Dos días corridos de licencia por paternidad en el sector privado. Eso establece la Ley de Contrato de Trabajo. El resto —si hay— depende de la buena voluntad del empleador, de convenios específicos o de la posibilidad de “arreglarse” con vacaciones, licencias informales o favores. En la práctica, muchos padres vuelven a trabajar cuando el bebé todavía no sabe diferenciar el día de la noche y la madre apenas empieza a entender qué le ocurrió a su cuerpo.

En el debate actual sobre la reforma laboral, ese punto quedó intacto. No se amplió, no se discutió, no se problematizó. Como si las licencias parentales no tuvieran nada que ver con el trabajo, con la productividad, con la natalidad o con la vida que ocurre fuera de la oficina.

Sin embargo, las decisiones de tener hijos no se toman solo desde el deseo. También se toman desde las condiciones materiales. Desde la pregunta —a veces silenciosa— de cómo se va a sostener ese comienzo. En ese sentido, las licencias no son un beneficio extra, sino una señal. Dicen qué espera el Estado de las familias y cómo concibe la organización del cuidado.

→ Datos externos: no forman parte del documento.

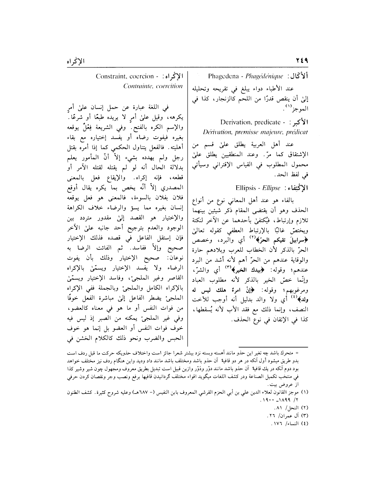 [ في الفرنسية] Derivation ،premisse majeure ،predicat

La caída de la tasa de natalidad en Argentina parece preocupar cuando se habla de demografía, de jubilaciones o de futuro económico, pero cuando aparece un nuevo integrante y la organización familiar tiene que cambiar nos toca revisar quién cuida, cómo se cuida y con qué apoyos.

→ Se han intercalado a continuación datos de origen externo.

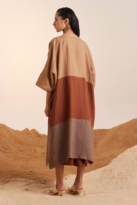 Brown colorblock cape featuring flared sleeves and an open neckline

Mientras tanto, en otros países, las políticas de cuidado avanzaron en otra dirección. Licencias parentales más largas, esquemas compartidos entre madres y padres, incentivos para que los varones se tomen efectivamente ese tiempo. No como gesto romántico, sino como política pública. No garantizan más nacimientos, es cierto, pero hacen algo quizás más importante: vuelven la crianza un poco más sostenible.

La filósofa y socióloga francesa Élisabeth Badinter escribió hace décadas sobre cómo la maternidad fue construida como un mandato natural, mientras la paternidad quedaba ligada a la provisión económica. Más cerca en el tiempo, autoras como Rita Segato insistieron en que el trabajo de cuidado —ese que no se paga, no se registra y no descansa— sigue siendo el gran sostén invisible del sistema. Cuando la ley no amplía las licencias parentales, lo que hace es reafirmar esa desigualdad: el cuidado sigue siendo, mayoritariamente, asunto de mujeres.

Pero algo empezó a moverse. Esta generación de padres quiere estar más presente. No solo “ayudar”, sino paternar. Cambiar pañales sin épica, aprender a dormir con un ojo abierto, acompañar el posparto, sostener el cansancio ajeno. No porque sean héroes, sino porque entienden que ese vínculo se construye desde el principio. El problema es que, muchas veces, la estructura laboral los empuja a elegir entre estar y trabajar.

En la práctica, muchos padres resuelven como pueden: piden vacaciones, negocian horarios, vuelven a casa antes de lo que debieran. La presencia se vuelve un privilegio atado a la flexibilidad laboral o al capital económico. Y el cuidado, otra vez, se organiza alrededor de lo posible, no de lo justo.

La socióloga Eva Illouz escribió que el amor moderno está profundamente condicionado por las estructuras económicas. Tal vez la crianza también. Porque no se trata solo de emociones, sino de tiempo, de descanso, de respaldo institucional. De que el Estado reconozca que los primeros meses importan. Que no son un detalle privado, sino un momento fundante.